Serap 10 Ribu Tenaga Kerja Jateng, Perusahaan Kendaraan Listrik Tiongkok Siap Beroperasi di Kendal

- Reporter

Selasa, 16 Juni 2026 - 08:23 WIB

facebook twitter whatsapp telegram line copy

URL berhasil dicopy

facebook icon twitter icon whatsapp icon telegram icon line icon copy

URL berhasil dicopy

SEMARANG – Jawa Tengah yang dipimpin Gubernur Jateng Ahmad Luthfi dan Wakilnya Taj Yasin Maimoen (Gus Yasin), kembali mencatatkan capaian investasi besar. Investor asal Tiongkok menggelontorkan dana sekitar Rp 15 triliun untuk pengembangan industri kendaraan listrik (electric vehicle/EV) terintegrasi di Kawasan Industri Seafer (KIS) Kendal.

Proyek tersebut diproyeksikan mampu menyerap hingga 10 ribu tenaga kerja sekaligus memperkuat posisi Jawa Tengah sebagai pusat pertumbuhan industri teknologi dan energi terbarukan di Indonesia.

Komitmen investasi tersebut ditandai dengan penandatanganan nota kesepahaman (MoU) antara PT KIA Kendal dan PT New Generation Mobility (NGM), serta PT NGM dengan PT China State Construction Engineering Corporation (CSCEC), di Kantor Gubernur Jawa Tengah, Senin (15/6/2026).

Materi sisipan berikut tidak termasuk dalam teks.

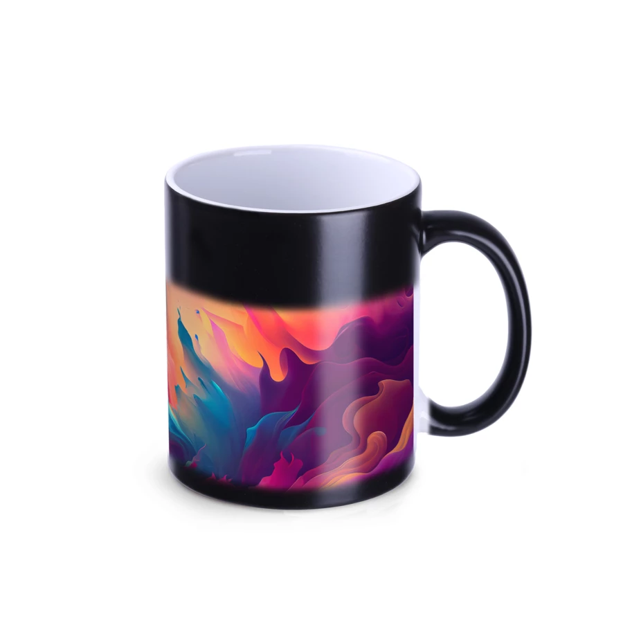 Ein Becher mit klassischem Design, auf dem nach dem Füllen mit heißem Wasser auf "magische Weise" ein Motiv zum Vorschein kommt. Er kann in fotografischer Qualität gedruckt werden. Für diejenigen, die originelle Lösungen schätzen.

Penandatanganan kerja sama disaksikan langsung Gubernur Jawa Tengah, Ahmad Luthfi, Wakil Gubernur Taj Yasin Maimoen, dan Bupati Kendal Dyah Kartika Permatasari.

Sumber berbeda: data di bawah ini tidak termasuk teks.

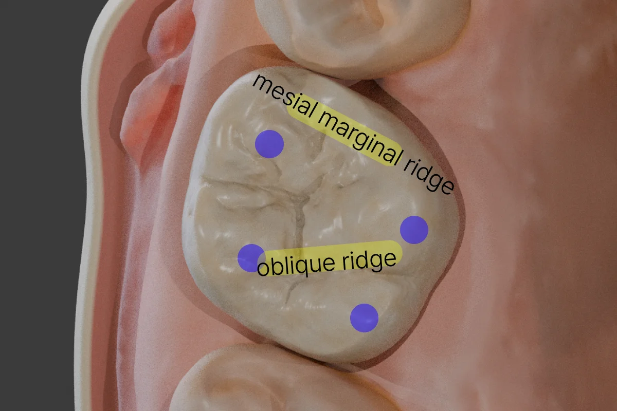 The maxillary first molar has four cusps: two buccal cusps and two palatal cusps. When creating an access cavity, care must be taken not to invade the mesial marginal ridge or the oblique ridge.

Gubernur Ahmad Luthfi mengatakan, masuknya investasi besar di tengah tantangan ekonomi global menjadi bukti bahwa Jawa Tengah tetap menjadi daerah yang dipercaya investor untuk mengembangkan usaha.

“Di tengah tekanan dan keterbatasan fiskal, serta dinamika geopolitik internasional, Jawa Tengah tetap tumbuh dan berkembang sebagai tujuan investasi,” kata Luthfi.

Menurutnya, investasi tersebut menjadi langkah strategis dalam pengembangan hilirisasi kendaraan listrik. Kawasan Industri Seafer Kendal akan dikembangkan menjadi pusat industri kendaraan listrik dan energi terbarukan yang terintegrasi, tidak hanya untuk Kendal tetapi juga Jawa Tengah.

Baca Juga :  PKL Sidodadi Semarang Dapat Dukungan TJSL dan Pendampingan Digital Bank Raya

Luthfi menegaskan, Pemerintah Provinsi Jawa Tengah berkomitmen memberikan dukungan kepada investor, termasuk melalui insentif pajak bagi kawasan industri yang menerapkan energi terbarukan.

“Investasi ini tidak hanya menciptakan lapangan kerja, tetapi juga mengarah pada pengembangan teknologi industri masa depan. Kami akan memberikan insentif bagi kawasan industri yang mengedepankan energi terbarukan,” ujarnya.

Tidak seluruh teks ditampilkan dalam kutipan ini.